Why mutual funds are better than stocks

Following are some of the benefits of mutual funds and why you should consider investing in mutual funds:

  • Professional Management

Leveraging the knowledge and expertise of a fund manager to earn significant returns is one of the primary reasons why investors prefer investing in mutual funds. Investment in stocks without any prior experience or knowledge about the working of the financial markets can be quite disastrous. It could even quickly drain your capital. Hence, experts often advise new investors to invest in mutual funds online via a fund manager.

  • Tax-saving benefits

If you sell your investments within a year from the date of purchase, you are levied with short-term capital gains tax, (STCG tax) at the rate of 15% p.a. What’s more, one even has to pay a securities transaction tax (STT) when they trade in stocks. However, there is no such tax on the stocks that are traded by the mutual fund. This is one way you save tax on mutual funds.

When it comes to ELSS mutual funds, Section 80C of the IT Act offers tax exemption on investments upto Rs 1.5 lac. Investors can use this exemption to reduce their tax liabilities.

  • Disciplined investment

Another significant advantage of investing in mutual funds is the financial discipline it offers to its investors through SIP (systematic investment plan). In an SIP investment, the investor is required to invest a specific amount periodically for a given period. This automated form of investing in a mutual fund requires an individual to decide the frequency of the investment and the quantum of payment at the start of the SIP investment tenure.

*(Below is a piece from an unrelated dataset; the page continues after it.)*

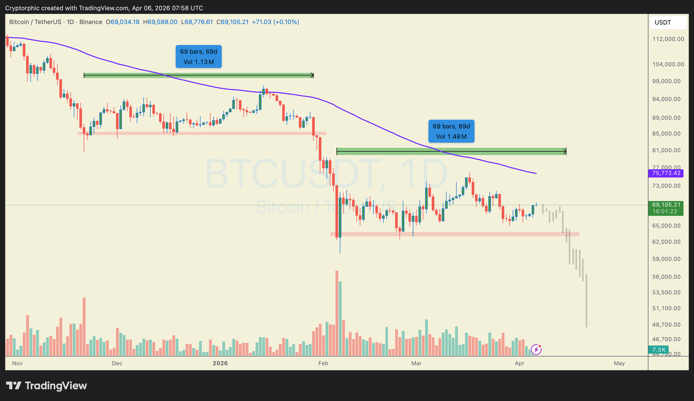 Price is currently hovering around $69K, right in the middle of the range, not showing strong direction yet.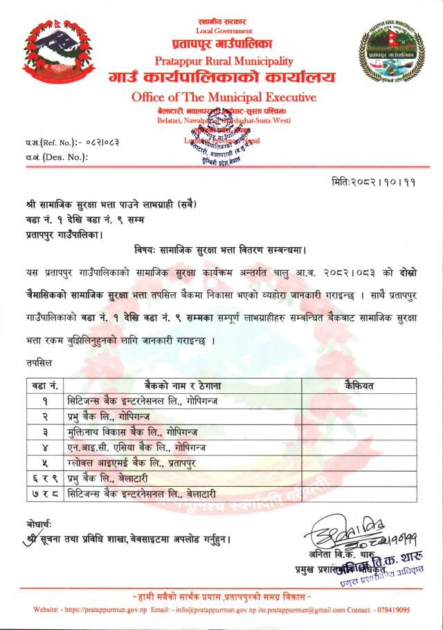 सामाजिक सुरक्षा भत्ता वितरण सम्बन्धमा ।

Conversely, investing in stocks this way can be quite complicated as each transaction would need to be timed and initiated by the investor.

4) Cost of Investing

Unlike stocks, which can bebought individually, actively managed mutual funds require a small fee to be paid to the fund manager(s). However, one often forgets to factor in the concept of ‘economies of scale’ that tips their weight in favour of mutual fund investments. Sure, active management of mutual funds require extra capital from the investor’s pockets. Still, due to their large size, mutual funds only request an insignificant fraction of the brokerage from an individual shareholder. In the case of stocks, individual investors are required to pay the STT fees, that can be avoided with mutual funds.

Whether you decide to invest in mutual funds or stocks, completely depends on your knowledge and expertise of the market and the amount of effort and time you are willing to spare. Mutual funds can prove to be a great investment instrument if you are an amateur and aim for steady growth returns. However, if you are a stock market guru with plenty time in your hands, investing in stocks is a better choice.

Mutual funds vs stocks – the choice is yours. Happy Investing!